DATA SHOWN START

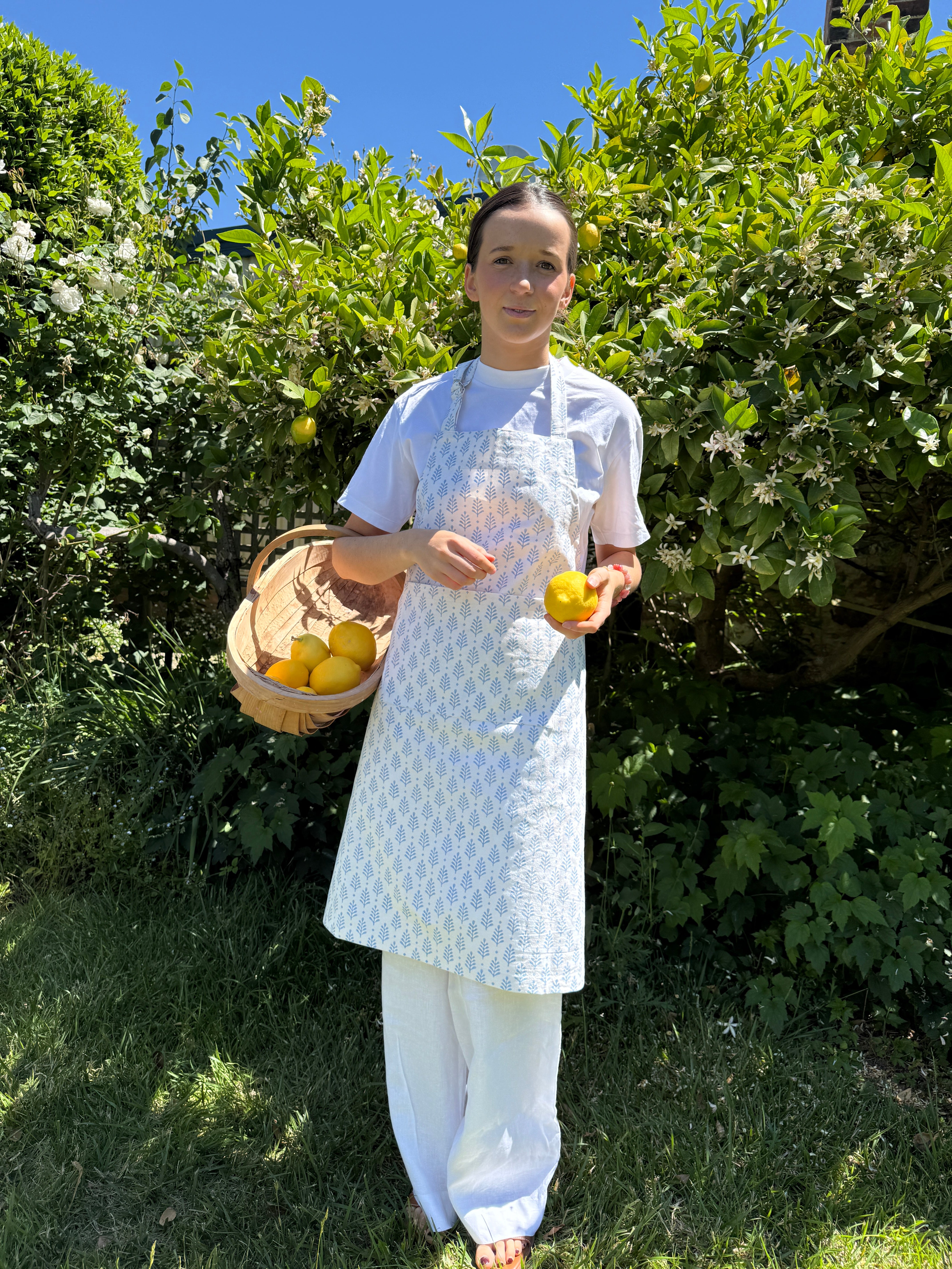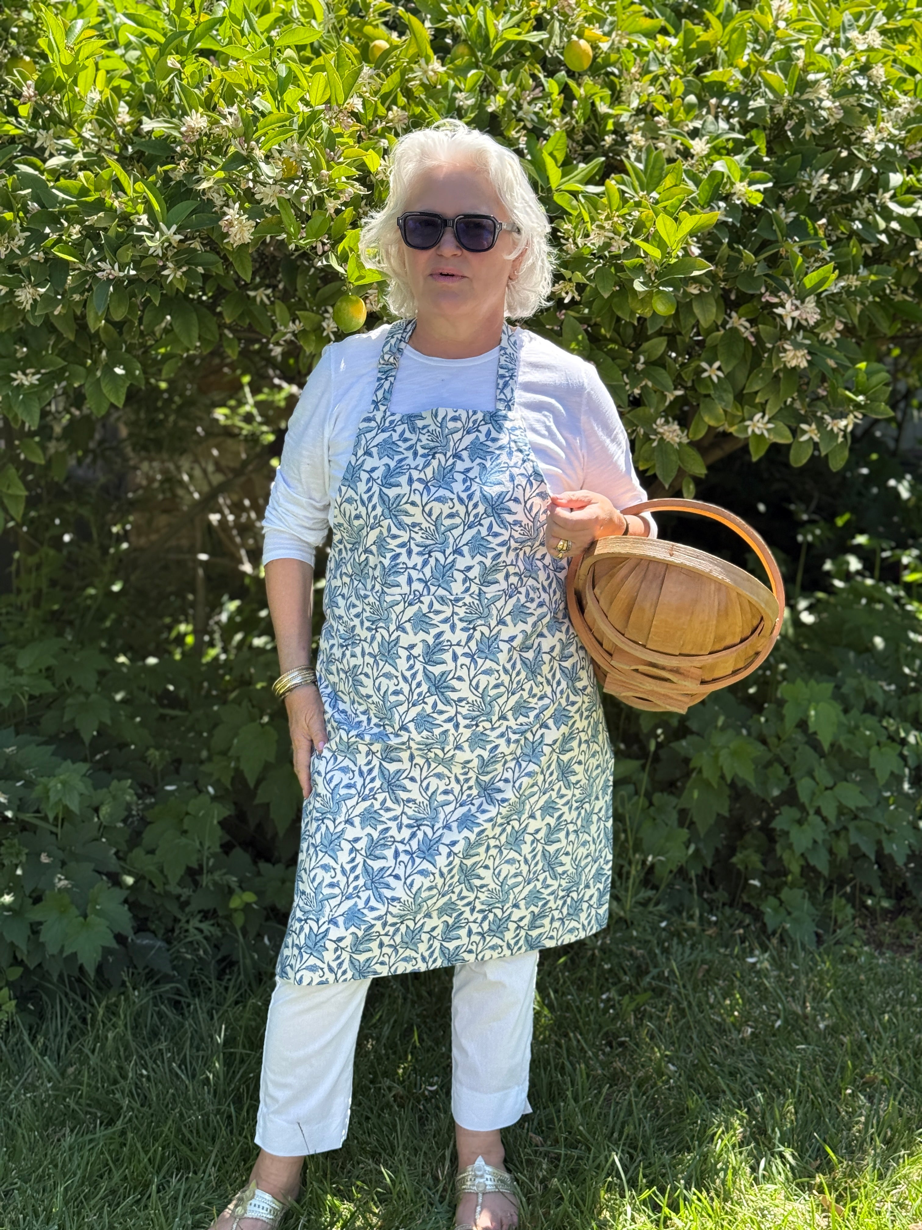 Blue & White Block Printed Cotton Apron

DATA SHOWN END
DATA SHOWN START

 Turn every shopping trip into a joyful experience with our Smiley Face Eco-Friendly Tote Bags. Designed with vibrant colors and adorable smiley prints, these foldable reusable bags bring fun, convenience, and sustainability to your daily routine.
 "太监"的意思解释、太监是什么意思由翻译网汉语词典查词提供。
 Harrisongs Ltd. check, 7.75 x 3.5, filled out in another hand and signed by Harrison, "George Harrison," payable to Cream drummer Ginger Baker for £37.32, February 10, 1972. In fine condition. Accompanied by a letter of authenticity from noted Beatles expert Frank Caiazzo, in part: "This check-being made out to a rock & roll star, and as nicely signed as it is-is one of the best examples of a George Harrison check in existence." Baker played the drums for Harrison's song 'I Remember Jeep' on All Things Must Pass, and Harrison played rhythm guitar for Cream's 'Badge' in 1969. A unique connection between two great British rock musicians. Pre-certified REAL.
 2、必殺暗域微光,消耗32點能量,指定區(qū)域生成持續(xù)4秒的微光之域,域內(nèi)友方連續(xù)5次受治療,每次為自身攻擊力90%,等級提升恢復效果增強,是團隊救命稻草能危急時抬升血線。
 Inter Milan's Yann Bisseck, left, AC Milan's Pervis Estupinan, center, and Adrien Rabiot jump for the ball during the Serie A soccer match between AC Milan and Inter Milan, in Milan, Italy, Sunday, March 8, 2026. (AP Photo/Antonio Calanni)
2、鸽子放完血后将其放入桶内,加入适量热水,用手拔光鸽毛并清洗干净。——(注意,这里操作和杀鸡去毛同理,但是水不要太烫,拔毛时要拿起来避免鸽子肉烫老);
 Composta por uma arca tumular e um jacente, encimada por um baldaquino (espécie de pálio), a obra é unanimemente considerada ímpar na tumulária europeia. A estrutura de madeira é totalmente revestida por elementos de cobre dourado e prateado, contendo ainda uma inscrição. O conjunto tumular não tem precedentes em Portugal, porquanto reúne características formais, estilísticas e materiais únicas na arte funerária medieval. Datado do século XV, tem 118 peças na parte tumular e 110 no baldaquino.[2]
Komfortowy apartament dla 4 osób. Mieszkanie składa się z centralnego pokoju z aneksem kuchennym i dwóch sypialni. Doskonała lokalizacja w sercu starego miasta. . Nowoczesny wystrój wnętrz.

DATA SHOWN END
DATA SHOWN START

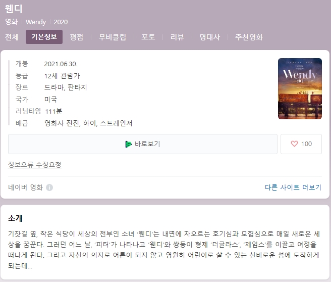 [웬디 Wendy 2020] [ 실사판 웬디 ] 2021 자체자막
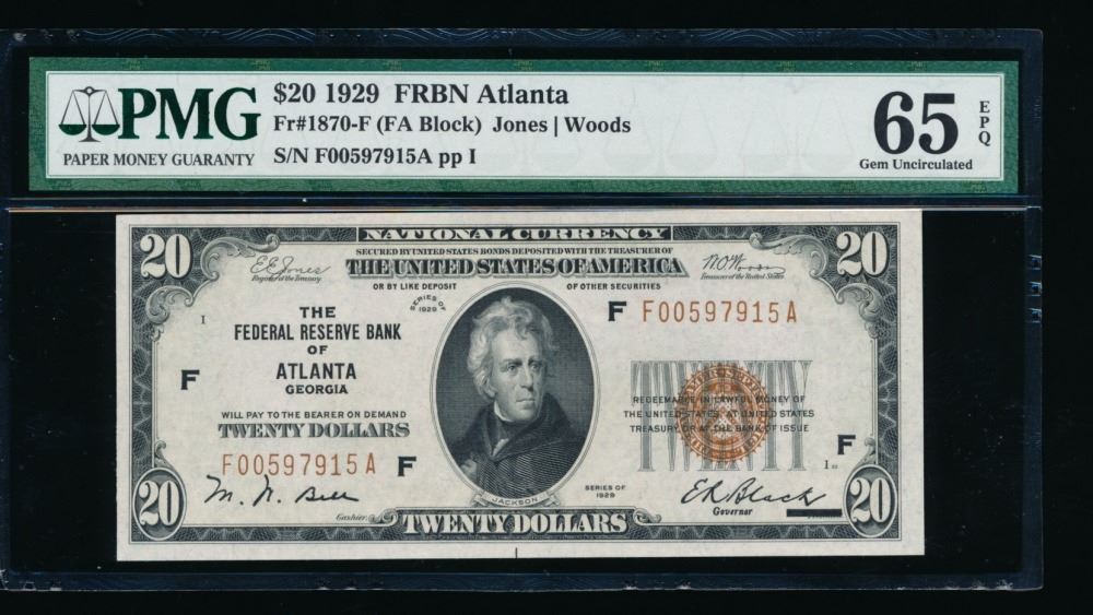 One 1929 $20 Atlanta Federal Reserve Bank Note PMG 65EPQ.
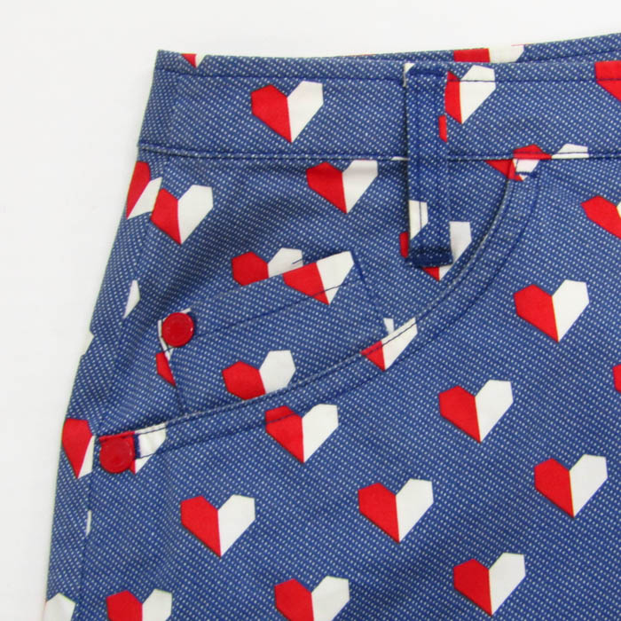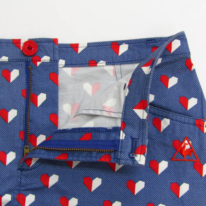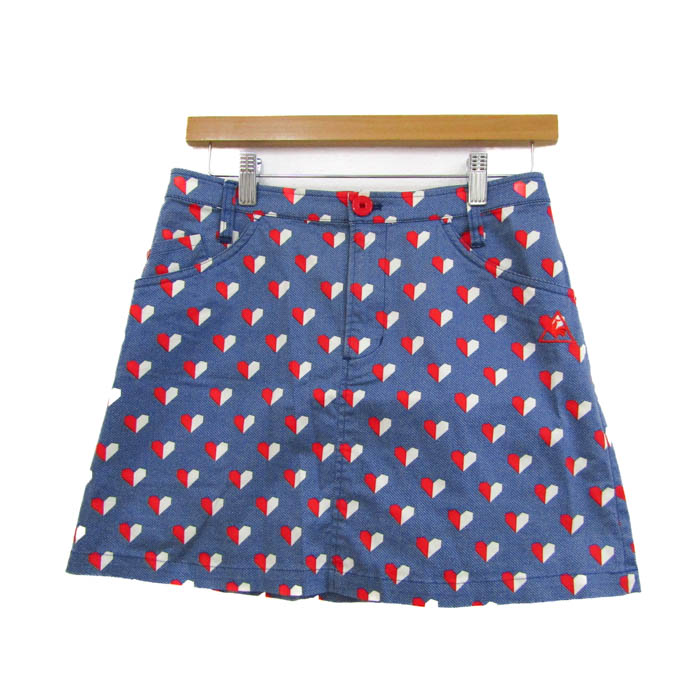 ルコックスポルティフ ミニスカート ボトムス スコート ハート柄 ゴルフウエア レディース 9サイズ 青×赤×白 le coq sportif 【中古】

DATA SHOWN END

Every line above with the string "between" in it should be copied into the answer.

 Harrisongs Ltd. check, 7.75 x 3.5, filled out in another hand and signed by Harrison, "George Harrison," payable to Cream drummer Ginger Baker for £37.32, February 10, 1972. In fine condition. Accompanied by a letter of authenticity from noted Beatles expert Frank Caiazzo, in part: "This check-being made out to a rock & roll star, and as nicely signed as it is-is one of the best examples of a George Harrison check in existence." Baker played the drums for Harrison's song 'I Remember Jeep' on All Things Must Pass, and Harrison played rhythm guitar for Cream's 'Badge' in 1969. A unique connection between two great British rock musicians. Pre-certified REAL.
 Inter Milan's Yann Bisseck, left, AC Milan's Pervis Estupinan, center, and Adrien Rabiot jump for the ball during the Serie A soccer match between AC Milan and Inter Milan, in Milan, Italy, Sunday, March 8, 2026. (AP Photo/Antonio Calanni)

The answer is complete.